Z.B. 3000rpm - würde ich maximal  alle 10ms abtasten da eine Umdrehung 20ms dauern würde.
Falls Drehzahlistwert auch bekannt ist, dann könnte man Heinileini`s Code entsprechend erweitern.


----------



## Heinileini (11 Dezember 2021)

Mirko123 schrieb:


> Falls Drehzahlistwert auch bekannt ist, dann könnte man Heinileini`s Code entsprechend erweitern.


Leider kann auch eine Erweiterung meines CodeBeispiels verlorengegangene Informationen nicht verlässlich rekonstruieren ...
Da wäre mir zu viel Plausibilität im Spiel.

PS: 
Statt - wie in meinem Beispiel - 1 zu addieren/subtrahieren, könnte man direkt 360 addieren/subtrahieren, da ergibt die Summe aus Winkel und Zähl direkt die "neue" Position in °. Für Zähl dann aber tunlichst den DatenTyp DINT wählen und prüfen, ob dies ausreicht.


----------



## TP-Inc (11 Dezember 2021)

Sieht eigentlich total simpel aus. Dankeschön 😀 muss ich mal austesten beim nächsten Drehantrieb der mir unterkommt.


----------



## maxder2te (11 Dezember 2021)

TP-Inc schrieb:


> Hi, ab und zu gibt es Anwendungen bei denen ich die Modulo-Position eines Drehantriebs, aber auch die „Endlos“-Position brauche. Wie zählt man vernünftig Umdrehungen mit? Übergang von 360 auf 0 erkennen erscheint mir nicht so elegant und sicher… Braucht ihr das auch ab und zu?
> Das sollte Telegramm und Antriebsunabhängig funktionieren.

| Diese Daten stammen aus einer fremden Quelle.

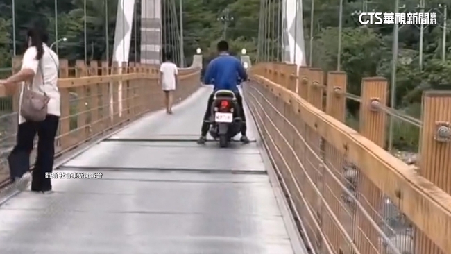住戶說:「準備跟在這台貨車後面看一下這個橋。」工程吊車不斷向前行駛,後方騎士拍下過程,住戶說:「這是唯一,一條部落進出的道路。」眼看貨車行經吊橋時,不僅車身大幅上下晃動,仔細一看,地面上鐵板,還被輪胎壓的像是要解體般,發出刺耳聲響。

Das selber mitzählen ist eine Variante, bei vielen Antrieben geht das aber auch einfacher. 
Wenn du das machst rate ich dir aber, den Überlaufzähler öbb einen eigenen Speicherbeteich zu legen der nie neu initialisiert wird (eigener DB mit fixer Nummer bei S7, Permanentspeicher bei B&R,...) 

Sew Movidrive B:
Wenn du die Modulopositionierung nutzt wird die Modulo Position als 0-3600 oder 0-65535 zur Steuerung geladen. In der IPOS-Variable H511 ist aber weiterhin die Geberrohposition als i32 mit Überlaufzähler verfügbar. Die kann man mittels IPOS oder anderer Wege zur Steuerung laden und muss dann nur von Inkrementen auf weg umrechnen. 

Profidrive (simatic To) 
Die Moduloumrechnung wird von der Steuerung durchgeführt. Im Profidrive - Telegramm von Antrieb selbst kommt die Geberrohposition ebenfalls als i32 herauf, somit du den gesamten Absolutbereich des Gebers zur Verfügung hast. 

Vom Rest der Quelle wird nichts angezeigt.